- International promotional poster
- Directed by: Lukas Dhont
- Written by: Lukas Dhont; Angelo Tijssens;
- Produced by: Michiel Dhont; Juliette Schrameck;
- Starring: Valentin Campagne; Emmanuel Macchia; Jef Jacobs; Willem De Schryver; Liam Jacqmin; Mistral Guidotti;
- Cinematography: Frank van den Eeden
- Edited by: Alain Dessauvage
- Music by: Valentin Hadjadj
- Production companies: The Reunion; Versus Production; Topkapi Films; Lumen; France 2 Cinéma; VTM; RTBF; Proximus; BeTV; Orange;
- Distributed by: Lumière (Belgium and Netherlands); Diaphana Distribution (France);
- Release dates: 21 May 2026 (Cannes); 21 October 2026 (Belgium); 18 November 2026 (France);
- Running time: 120 minutes
- Countries: Belgium; France; Netherlands;
- Languages: French; Dutch;

= Coward (2026 film) =

2026 film by Lukas Dhont

Coward is a 2026 war-drama film directed by Lukas Dhont, co-written with Angelo Tijssens. A co-production of Belgium, France, and the Netherlands, it stars Emmanuel Macchia (in his acting debut) and Valentin Campagne as Pierre and Francis, and follows a gay love story in the Belgian trench warfare front of World War I.

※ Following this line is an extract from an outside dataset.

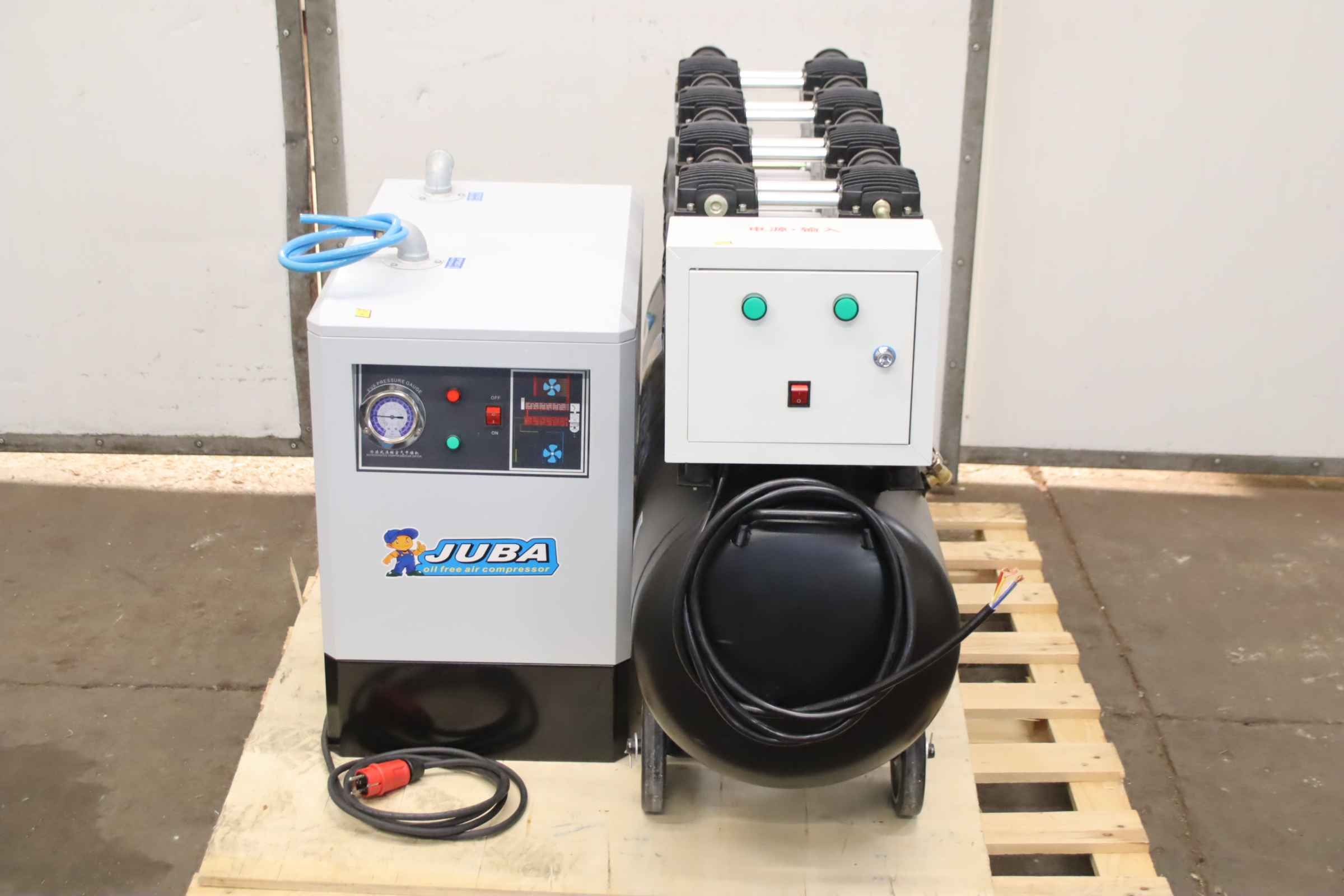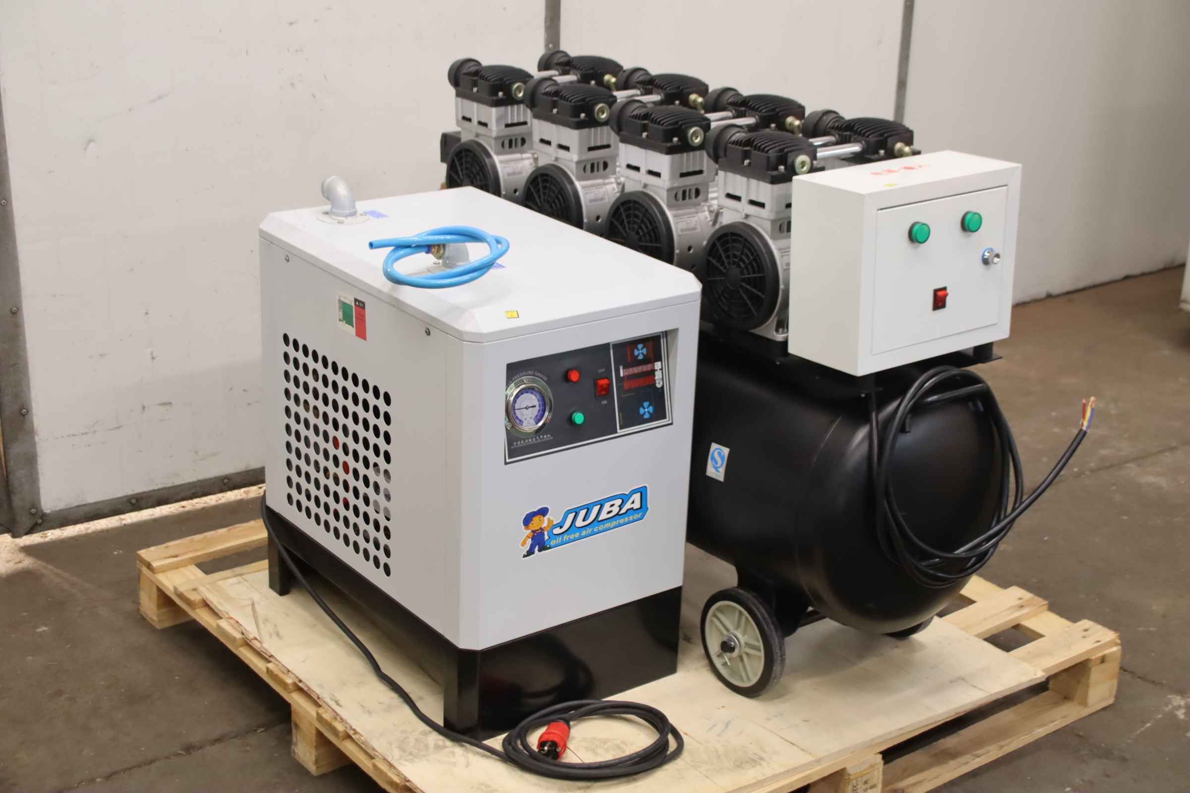 Screw compressor, compressor, compressed air unit, compressed air dryer, refrigeration dryer, dryer, compressed air refrigeration dryer -Manufacturer: JUBA, compressor with dryer -Compressor: Type JB 1500WX4 -Volume flow: 520 l/min -Engine power: 6 kW -Pressure: 7 bar -Tank capacity: 160 l -Dryer: Type JB-10AC 0.5 kW -Drying capacity 1.5 m³/min -Individual components: see photos -Transport dimensions: 1320/820/H830 mm -Total weight: 180 kg

The film had its world premiere in the main competition of the 2026 Cannes Film Festival on 21 May, where it won Prix du Cinéma Positif and Macchia and Campagne jointly won the Best Actor award. It will be theatrically released in Belgium by Lumiére on 21 October.

It was also selected as the Belgian entry for Best International Feature Film at the 99th Academy Awards.

== Premise ==
In 1916, during the World War I, Pierre serves at the Belgian front alongside other comrades. Behind the trench warfare, the soldiers try to keep their spirits up. One day, Pierre meets flamboyant homosexual Francis. To counter the rhetoric of war and the omnipresent misery, the two decide, with their comrades, to put on a theatrical revue.

== Cast ==
- Emmanuel Macchia as Pierre
- Valentin Campagne as Francis
- Jef Jacobs as Jozef Stevens
- Willem De Schryver as Jacobs
- Liam Jacqmin as Blanckaert
- Mistral Guidotti as Gustaaf Cooreman
- Jonas Wertz as Jozef
- Boris Bouchat as Thomas
- Orlando Vauthier as Rik
- Tuur Verelst as Arthur
- Mathieu Carpentier as Sergeant Dubois M.
- Tijmen Van Damme as Ernst
- Emil Krastev as Émile
- Anaëlle Fournier as Mathilde
- Max Colonne as Robert
- Aaron Denolf as Nolf
- Jules Smekens

== Production ==
=== Development ===
The screenplay for Coward was developed over three years, with Dhont and co-writer Angelo Tijssens conducting historical research in archives including London's Imperial War Museums, along with sources in Belgium and France. The writers learned of male soldiers performing theater pieces on the front lines, cross-dressing, usually playing the roles of wives and mothers, discovering rare lasting romantic connections of closeted queer people.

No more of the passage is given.